Items from a dataset

━━━━━━━━━━━━━━━━

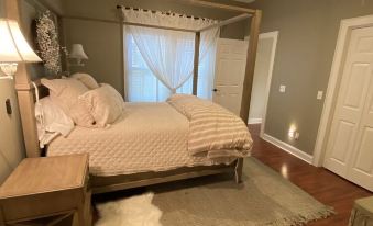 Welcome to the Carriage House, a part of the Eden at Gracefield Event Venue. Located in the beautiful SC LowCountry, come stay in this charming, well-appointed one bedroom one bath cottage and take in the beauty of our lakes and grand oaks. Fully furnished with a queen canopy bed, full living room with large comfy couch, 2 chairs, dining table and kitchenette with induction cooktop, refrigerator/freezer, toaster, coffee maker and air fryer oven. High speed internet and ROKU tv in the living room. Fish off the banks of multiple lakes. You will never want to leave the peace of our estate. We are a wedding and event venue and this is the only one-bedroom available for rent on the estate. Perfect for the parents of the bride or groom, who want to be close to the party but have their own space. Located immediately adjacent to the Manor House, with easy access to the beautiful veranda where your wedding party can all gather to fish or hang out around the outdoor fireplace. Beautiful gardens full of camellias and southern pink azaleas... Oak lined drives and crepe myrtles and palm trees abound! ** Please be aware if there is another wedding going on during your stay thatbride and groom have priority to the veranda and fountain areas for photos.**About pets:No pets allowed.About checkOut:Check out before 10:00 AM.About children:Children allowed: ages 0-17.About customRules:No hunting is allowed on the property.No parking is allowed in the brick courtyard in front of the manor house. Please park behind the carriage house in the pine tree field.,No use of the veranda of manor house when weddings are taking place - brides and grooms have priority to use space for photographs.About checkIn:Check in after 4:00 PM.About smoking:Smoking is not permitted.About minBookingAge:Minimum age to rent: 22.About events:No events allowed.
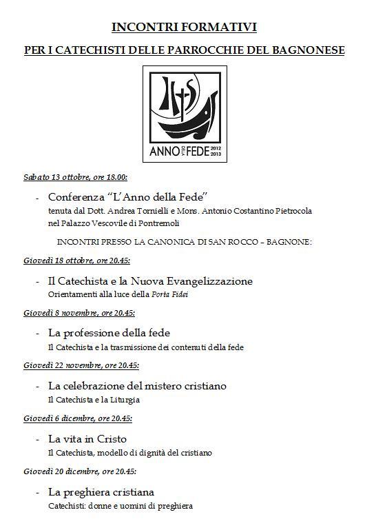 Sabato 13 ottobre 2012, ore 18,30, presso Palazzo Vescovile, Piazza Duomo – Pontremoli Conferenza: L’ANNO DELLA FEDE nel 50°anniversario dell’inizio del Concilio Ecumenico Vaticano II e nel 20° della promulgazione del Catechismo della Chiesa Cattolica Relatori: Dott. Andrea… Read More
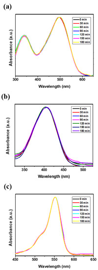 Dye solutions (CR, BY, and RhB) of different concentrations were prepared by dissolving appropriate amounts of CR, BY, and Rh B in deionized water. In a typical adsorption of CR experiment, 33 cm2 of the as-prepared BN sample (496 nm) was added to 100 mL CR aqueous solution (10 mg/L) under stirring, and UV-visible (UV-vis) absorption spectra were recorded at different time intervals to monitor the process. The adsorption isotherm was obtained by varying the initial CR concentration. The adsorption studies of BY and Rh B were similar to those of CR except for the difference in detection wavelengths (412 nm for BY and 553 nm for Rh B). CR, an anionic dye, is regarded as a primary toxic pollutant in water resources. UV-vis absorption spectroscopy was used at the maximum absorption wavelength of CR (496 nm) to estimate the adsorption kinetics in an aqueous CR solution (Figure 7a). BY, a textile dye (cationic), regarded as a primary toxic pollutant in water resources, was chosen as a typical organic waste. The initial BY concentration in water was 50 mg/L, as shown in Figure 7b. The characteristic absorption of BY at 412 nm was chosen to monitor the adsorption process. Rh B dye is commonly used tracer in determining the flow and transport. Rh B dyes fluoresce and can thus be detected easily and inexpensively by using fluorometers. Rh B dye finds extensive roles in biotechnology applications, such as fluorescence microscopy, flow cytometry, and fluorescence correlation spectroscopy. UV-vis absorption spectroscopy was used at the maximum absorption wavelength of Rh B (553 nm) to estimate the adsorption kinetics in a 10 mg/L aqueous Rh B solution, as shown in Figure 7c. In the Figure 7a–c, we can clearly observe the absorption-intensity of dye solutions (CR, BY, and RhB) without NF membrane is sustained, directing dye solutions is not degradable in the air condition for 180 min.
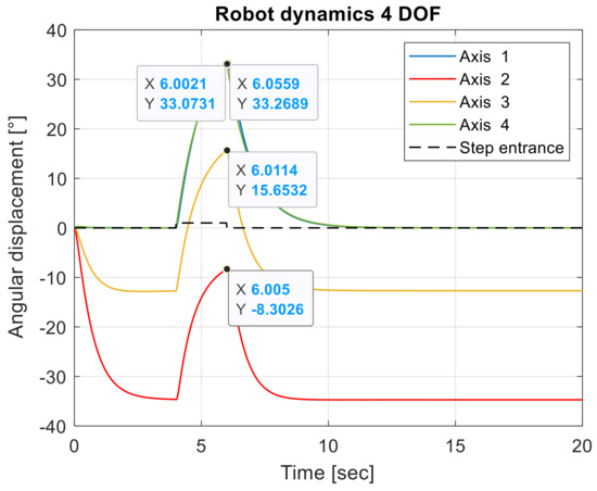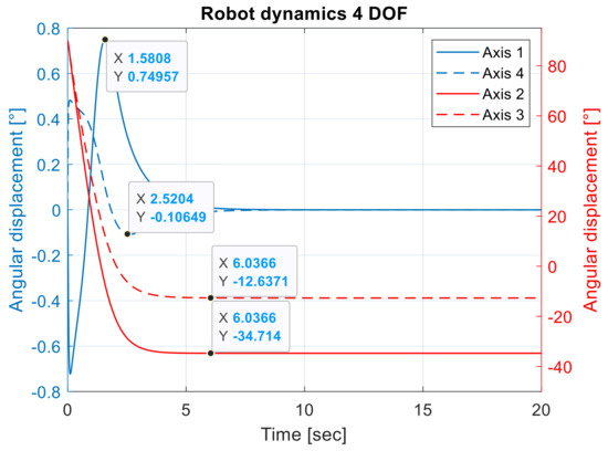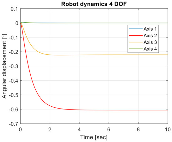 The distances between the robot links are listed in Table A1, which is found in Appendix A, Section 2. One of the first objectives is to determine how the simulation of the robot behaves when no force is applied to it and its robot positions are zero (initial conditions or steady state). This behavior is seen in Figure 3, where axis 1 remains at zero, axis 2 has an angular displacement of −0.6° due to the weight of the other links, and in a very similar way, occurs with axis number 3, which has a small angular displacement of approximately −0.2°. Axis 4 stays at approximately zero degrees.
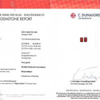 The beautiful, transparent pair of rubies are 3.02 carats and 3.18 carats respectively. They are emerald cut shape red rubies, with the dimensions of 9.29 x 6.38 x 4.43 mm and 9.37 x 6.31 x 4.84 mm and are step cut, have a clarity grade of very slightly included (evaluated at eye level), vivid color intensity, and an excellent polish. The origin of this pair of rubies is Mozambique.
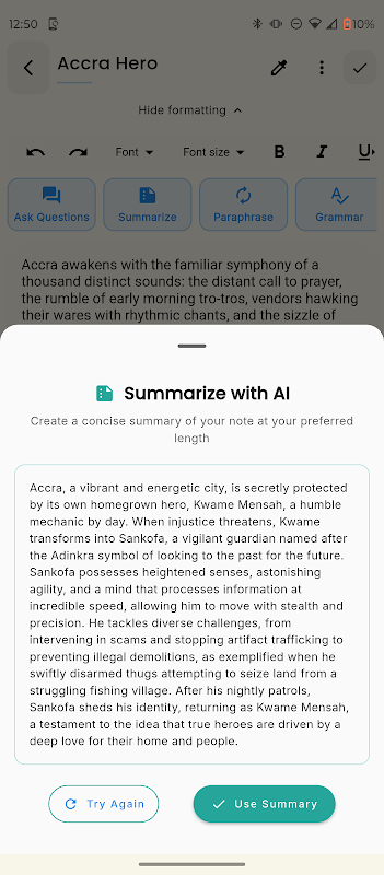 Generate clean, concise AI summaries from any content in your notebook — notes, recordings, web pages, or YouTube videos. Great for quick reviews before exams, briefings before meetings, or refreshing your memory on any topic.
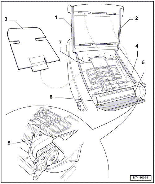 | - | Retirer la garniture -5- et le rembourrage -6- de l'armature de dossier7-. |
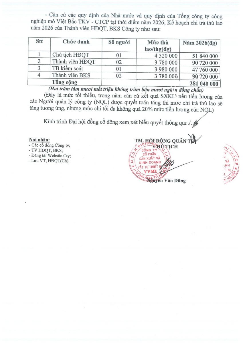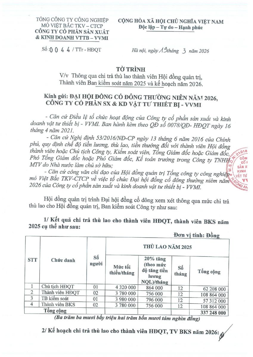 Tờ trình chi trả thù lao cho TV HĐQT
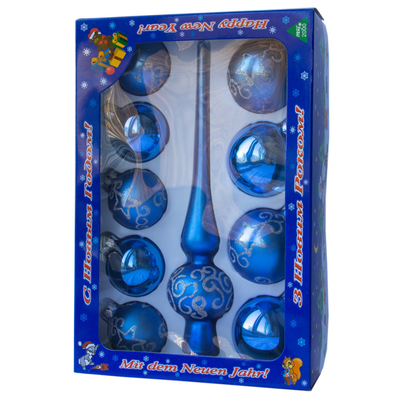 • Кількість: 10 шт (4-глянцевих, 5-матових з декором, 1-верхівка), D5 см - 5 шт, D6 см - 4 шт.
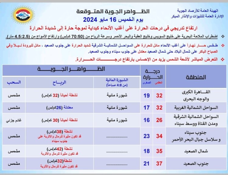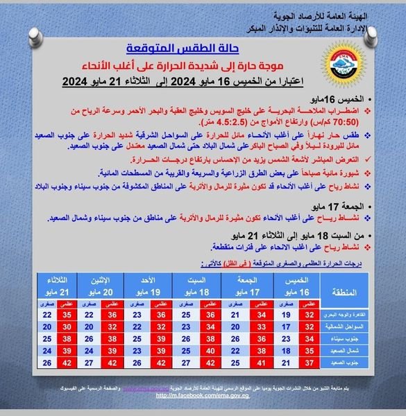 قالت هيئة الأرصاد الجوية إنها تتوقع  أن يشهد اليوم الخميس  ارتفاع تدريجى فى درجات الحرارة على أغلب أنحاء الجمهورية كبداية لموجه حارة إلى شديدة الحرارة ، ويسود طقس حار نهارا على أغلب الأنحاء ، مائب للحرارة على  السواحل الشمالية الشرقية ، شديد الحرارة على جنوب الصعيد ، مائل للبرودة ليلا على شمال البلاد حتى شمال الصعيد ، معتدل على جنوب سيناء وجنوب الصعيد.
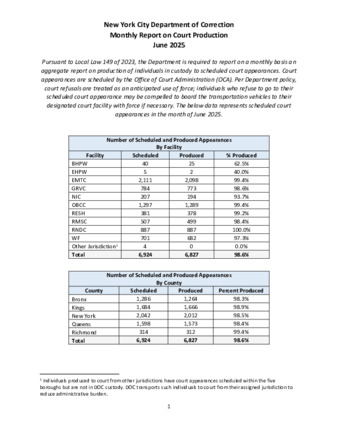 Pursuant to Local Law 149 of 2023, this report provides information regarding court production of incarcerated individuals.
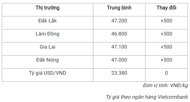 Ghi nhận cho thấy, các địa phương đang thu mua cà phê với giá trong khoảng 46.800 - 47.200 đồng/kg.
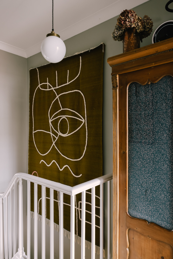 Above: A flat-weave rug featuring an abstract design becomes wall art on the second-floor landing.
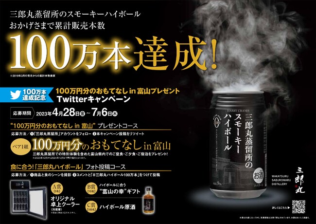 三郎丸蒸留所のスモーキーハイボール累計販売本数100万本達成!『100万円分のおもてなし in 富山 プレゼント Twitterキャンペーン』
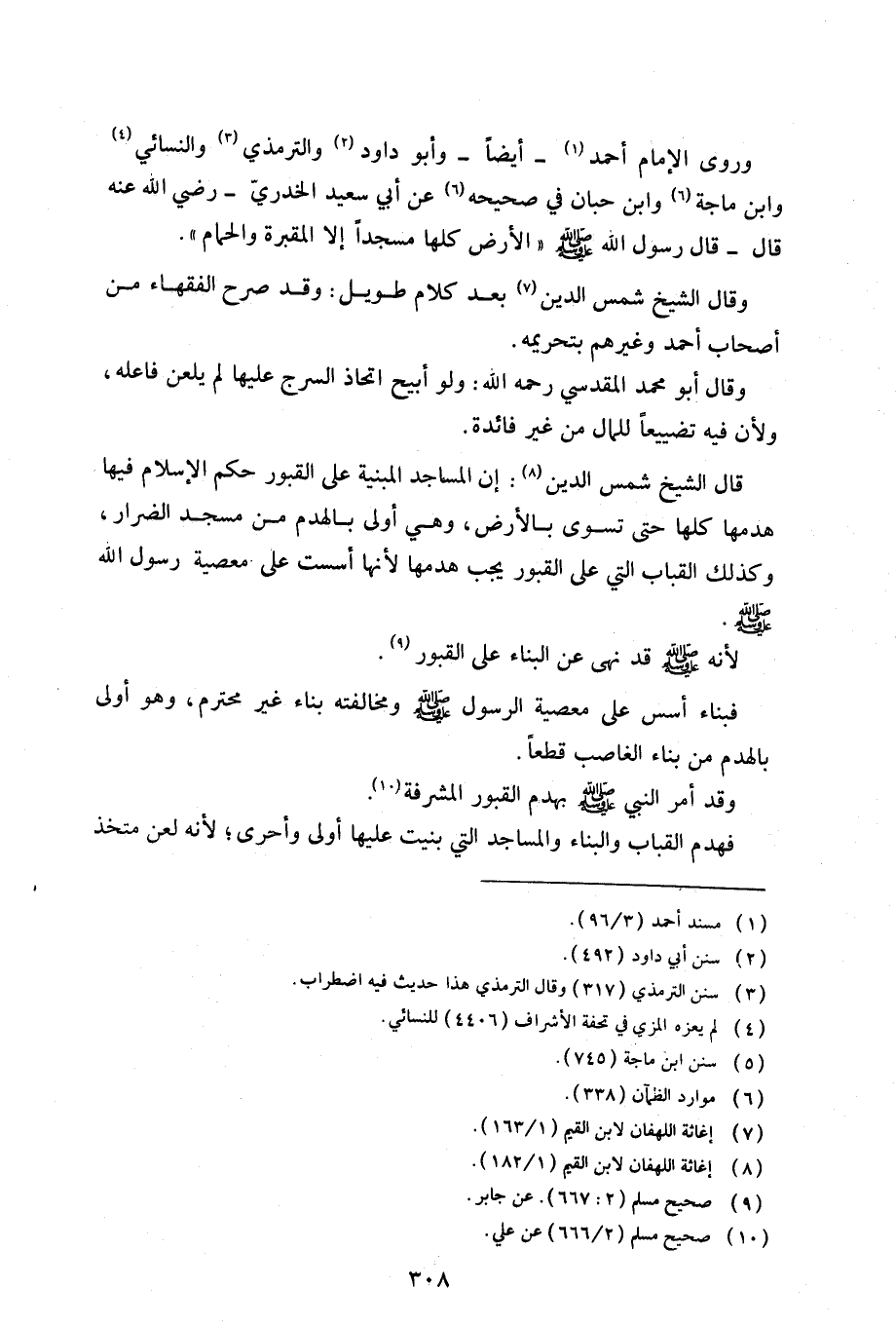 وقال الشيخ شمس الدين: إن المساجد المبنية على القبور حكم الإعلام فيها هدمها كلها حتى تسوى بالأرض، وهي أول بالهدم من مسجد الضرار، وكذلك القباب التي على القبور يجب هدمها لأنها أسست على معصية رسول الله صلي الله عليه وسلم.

━━━━━━━━━━━━━━━━

Work instruction » The lines above from the line with "The beautiful, transparent" through the line with "三郎丸蒸留所のスモーキーハイボール累計販売本数100万本達成!『100万円分のおもてなし in 富山" are to be given again word for word, with no pictures among them.

Response for this exercise »
 The beautiful, transparent pair of rubies are 3.02 carats and 3.18 carats respectively. They are emerald cut shape red rubies, with the dimensions of 9.29 x 6.38 x 4.43 mm and 9.37 x 6.31 x 4.84 mm and are step cut, have a clarity grade of very slightly included (evaluated at eye level), vivid color intensity, and an excellent polish. The origin of this pair of rubies is Mozambique.
 Generate clean, concise AI summaries from any content in your notebook — notes, recordings, web pages, or YouTube videos. Great for quick reviews before exams, briefings before meetings, or refreshing your memory on any topic.
 | - | Retirer la garniture -5- et le rembourrage -6- de l'armature de dossier7-. |
 Tờ trình chi trả thù lao cho TV HĐQT
 • Кількість: 10 шт (4-глянцевих, 5-матових з декором, 1-верхівка), D5 см - 5 шт, D6 см - 4 шт.
 قالت هيئة الأرصاد الجوية إنها تتوقع  أن يشهد اليوم الخميس  ارتفاع تدريجى فى درجات الحرارة على أغلب أنحاء الجمهورية كبداية لموجه حارة إلى شديدة الحرارة ، ويسود طقس حار نهارا على أغلب الأنحاء ، مائب للحرارة على  السواحل الشمالية الشرقية ، شديد الحرارة على جنوب الصعيد ، مائل للبرودة ليلا على شمال البلاد حتى شمال الصعيد ، معتدل على جنوب سيناء وجنوب الصعيد.
 Pursuant to Local Law 149 of 2023, this report provides information regarding court production of incarcerated individuals.
 Ghi nhận cho thấy, các địa phương đang thu mua cà phê với giá trong khoảng 46.800 - 47.200 đồng/kg.
 Above: A flat-weave rug featuring an abstract design becomes wall art on the second-floor landing.
 三郎丸蒸留所のスモーキーハイボール累計販売本数100万本達成!『100万円分のおもてなし in 富山 プレゼント Twitterキャンペーン』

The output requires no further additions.